Storage Instructions

  • Refrigerator: Store leftovers in an airtight container for up to 4 days.
  • Freezer: Freeze portions in freezer-safe containers for up to 2 months. Thaw overnight in the fridge before reheating.
  • Reheating: Warm in the oven at 350°F until hot, or microwave individual servings for quick meals.

Popular Questions

1. Can I make this casserole ahead of time?
Yes, assemble the casserole (without baking), cover tightly, and refrigerate for up to 24 hours before baking.

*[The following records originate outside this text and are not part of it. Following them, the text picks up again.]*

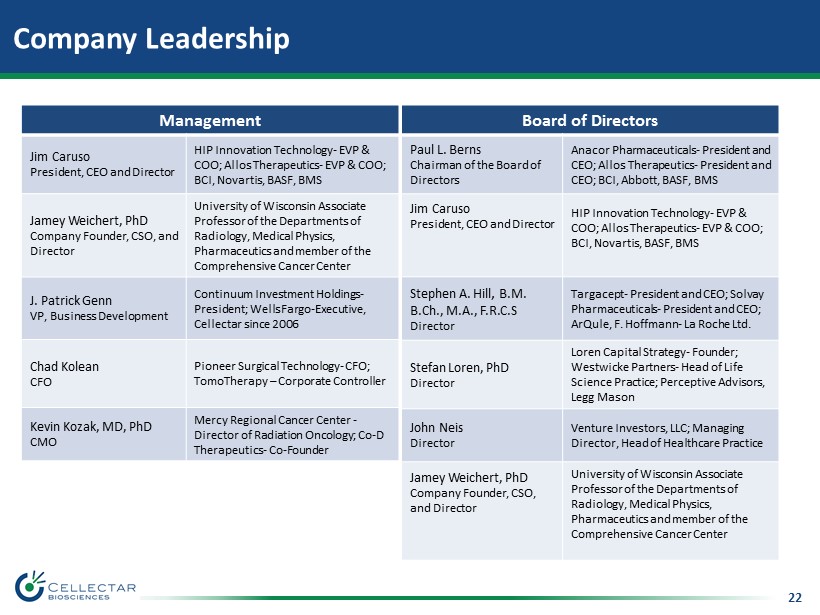 22 Company Leadership Management Jim Caruso President, CEO and Director HIP Innovation Technology - EVP & COO; Allos Therapeutics - EVP & COO; BCI, Novartis, BASF, BMS Jamey Weichert, PhD Company Founder, CSO, and Director University of Wisconsin Associate Professor of the Departments of Radiology, Medical Physics, Pharmaceutics and member of the Comprehensive Cancer Center J. Patrick Genn VP, Business Development Continuum Investment Holdings - President; Wells Fargo - Executive, Cellectar since 2006 Chad Kolean CFO Pioneer Surgical Technology - CFO; TomoTherapy – Corporate Controller Kevin Kozak, MD, PhD CMO Mercy Regional Cancer Center - Director of Radiation Oncology; Co - D Therapeutics - Co - Founder Board of Directors Paul L. Berns Chairman of the Board of Directors Anacor Pharmaceuticals - President and CEO; Allos Therapeutics - President and CEO; BCI, Abbott, BASF, BMS Jim Caruso President, CEO and Director HIP Innovation Technology - EVP & COO; Allos Therapeutics - EVP & COO; BCI, Novartis, BASF, BMS Stephen A. Hill , B.M. B.Ch., M.A., F.R.C.S Director Targacept - President and CEO; Solvay Pharmaceuticals - President and CEO; ArQule, F. Hoffmann - La Roche Ltd. Stefan Loren, PhD Director Loren Capital Strategy - Founder; Westwicke Partners - Head of Life Science Practice; Perceptive Advisors, Legg Mason John Neis Director Venture Investors, LLC; Managing Director, Head of Healthcare Practice Jamey Weichert, PhD Company Founder, CSO, and Director University of Wisconsin Associate Professor of the Departments of Radiology, Medical Physics, Pharmaceutics and member of the Comprehensive Cancer Center
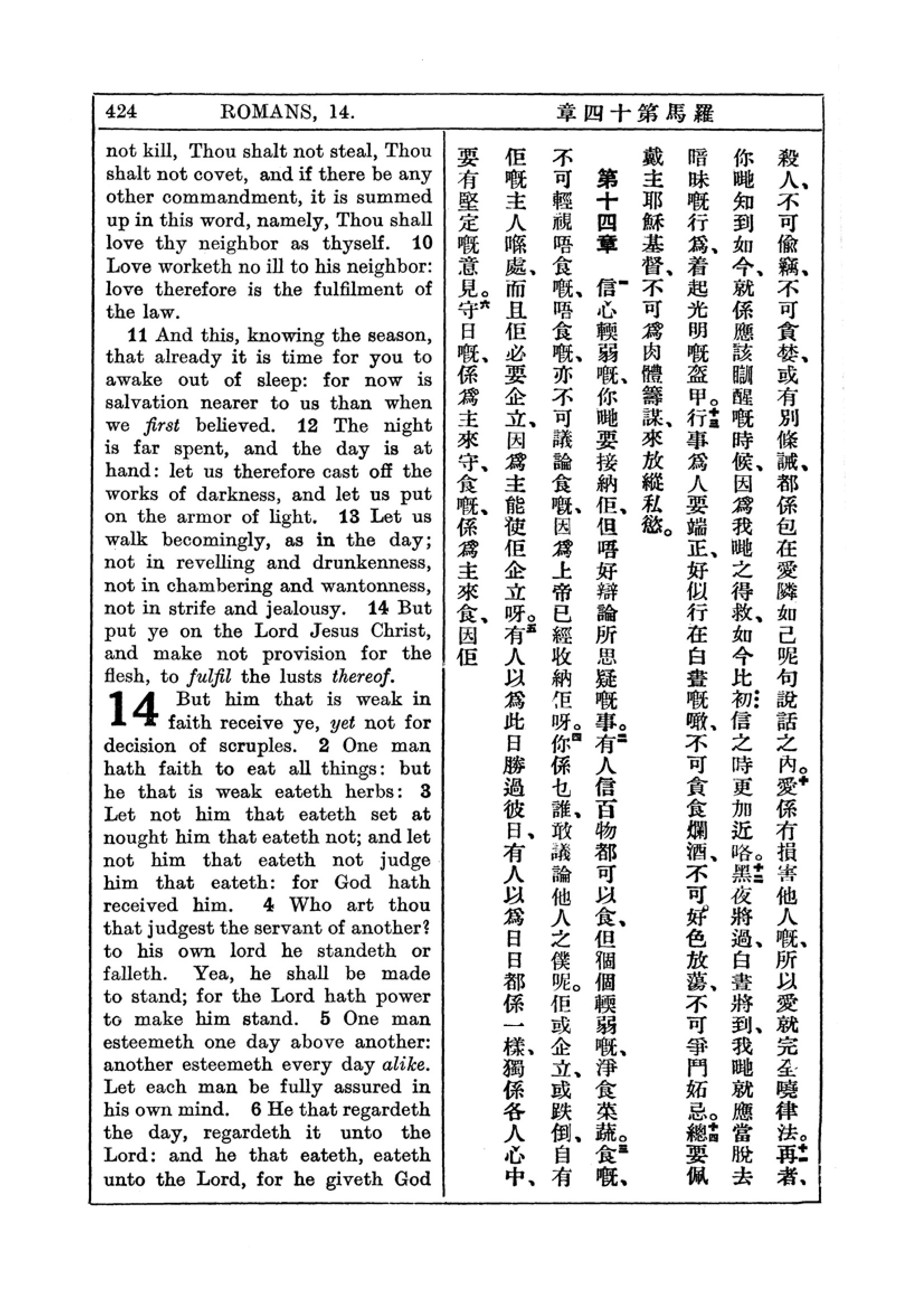 1927年新约全书(中英对照) 罗马书 13 章 10 节到 14 章 6 节
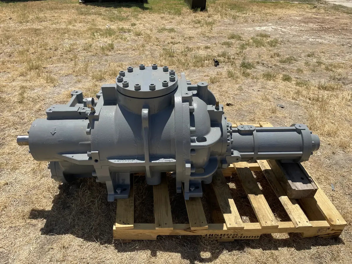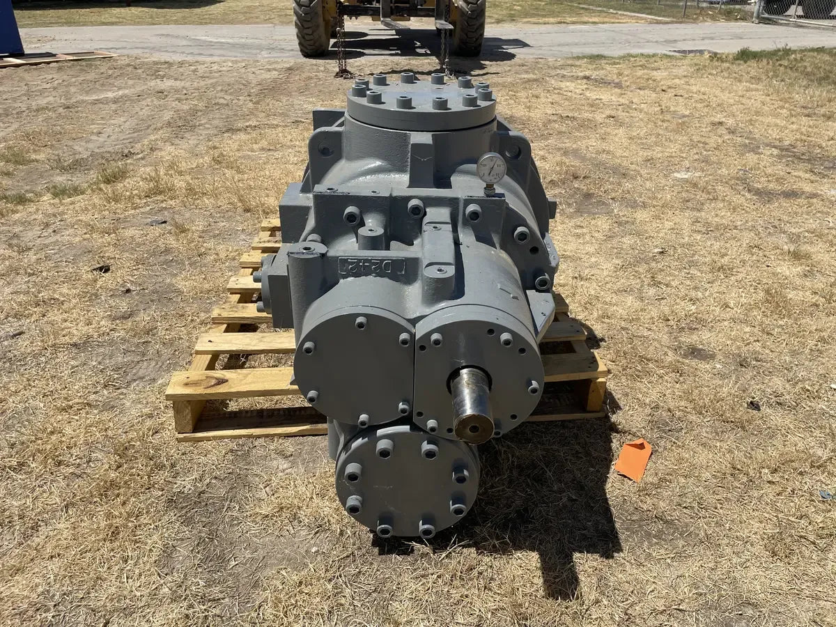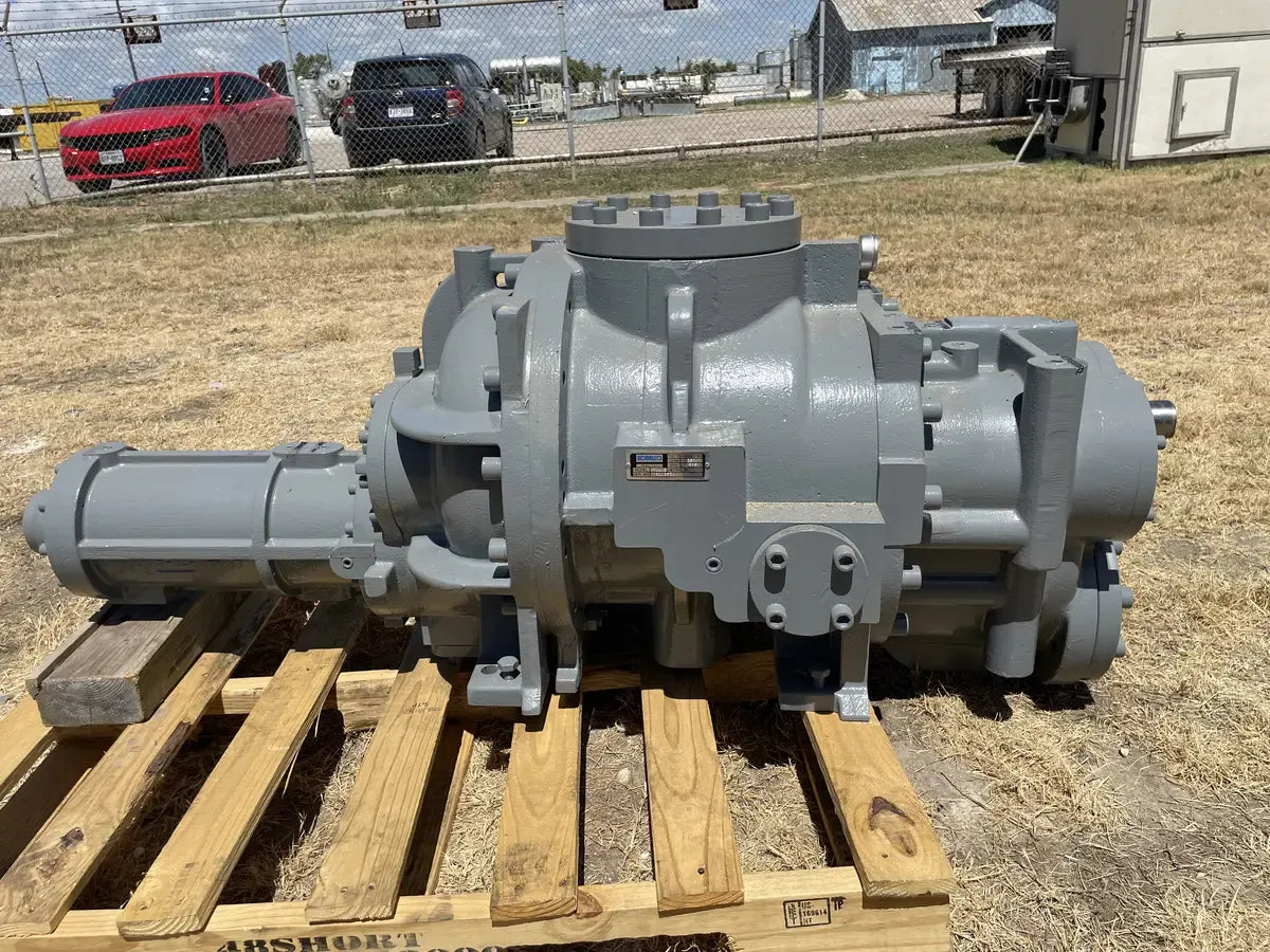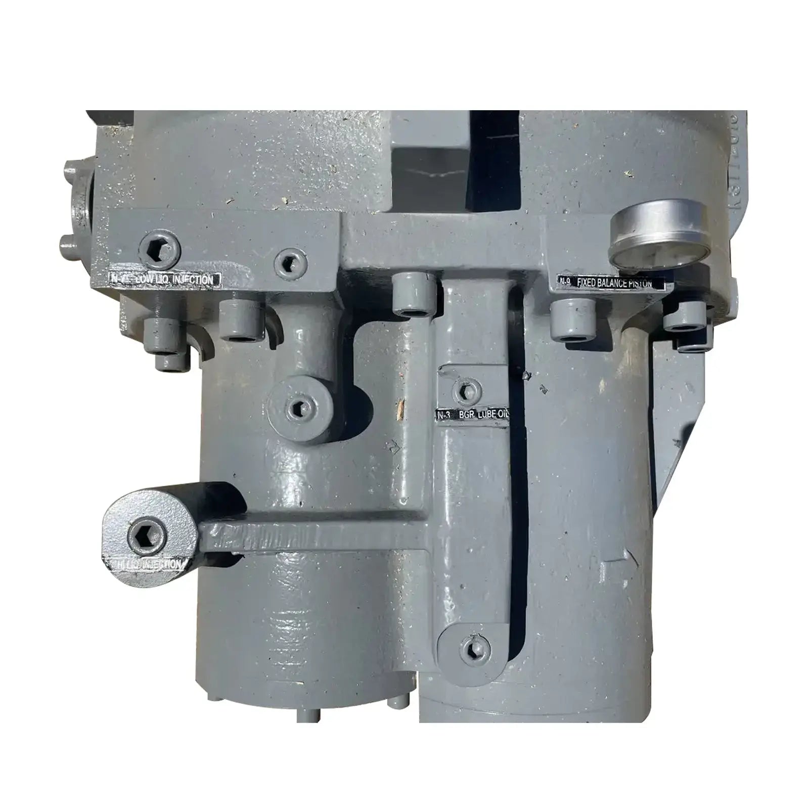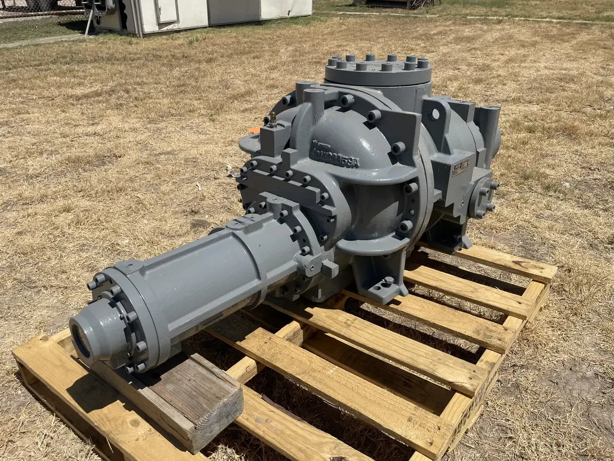Compresor de tornillo desnudo a gas Kobelco. Modelo: 19LL. N.º de serie: 19LL95DV. Presión de prueba (PSIG): Fuga: 350, HYD: 525. Desplazamiento a 3600 RPM: 1065 CFM, m3/h: 1809. Desplazamiento a 1800 RPM: 532 CFM, m3/h: 905. Presión máxima de trabajo (PSIG): 350 PSIG. Volumen barrido (CFM): 1065 cfm a 3600 RPM, 532 CFM a 1800 RPM. RPM máximas: 4500.

2. Do I need to cook the rice before adding it?
No, instant rice cooks perfectly in the oven with the broth and creamy sauce.

3. Can I use fresh vegetables instead of frozen?
Absolutely! Just chop onions and peppers, then sauté lightly before mixing them into the casserole.

Fajita Chicken Casserole
Caroline

Fajita Chicken Casserole

A hearty, Tex-Mex inspired casserole loaded with shredded chicken, rice, peppers, tomatoes, and fajita seasoning, all baked together with a creamy sauce and melted cheese for a family-friendly dinner.
Prep Time 10 minutes
Cook Time 45 minutes
Total Time 55 minutes
Servings: 8 servings
Course: Main Course
Cuisine: Tex-Mex
Calories: 365

Ingredients
  

  • 4 cups shredded cooked chicken (about 3 large breasts)
  • 2 cups instant rice
  • 1 can (10.5 oz) cream of chicken soup
  • 1 cup sour cream
  • 1 cup frozen diced onion and bell pepper blend
  • 1 can (10 oz) diced tomatoes with chilies, undrained
  • 1 1/2 cups chicken broth
  • 1 packet (1.12 oz) fajita seasoning
  • 8 oz (about 2 cups) shredded Mexican blend cheese

Equipment

  • 9×13 casserole dish
  • large mixing bowl
  • measuring cups and spoons
  • aluminum foil

Method
 

  1. Preheat your oven to 350°F. Lightly grease a 9×13 casserole dish.
  2. In a large bowl, combine shredded chicken, instant rice, cream of chicken soup, sour cream, onion and pepper blend, diced tomatoes with chilies, chicken broth, fajita seasoning, and half of the cheese. Mix until fully combined.
  3. Spread the mixture evenly into the prepared casserole dish. Cover with foil and bake for 35 minutes.
  4. Remove the foil, sprinkle the remaining cheese over the top, and bake uncovered for an additional 10 minutes, or until the cheese is melted and bubbly.
  5. Allow the casserole to rest for 5 minutes before serving.

Notes

  • This recipe works best with cooked, shredded chicken—rotisserie chicken is a quick shortcut.
  • For a creamier texture, add an extra ½ cup sour cream.
  • Serve with a squeeze of fresh lime juice for a bright finish.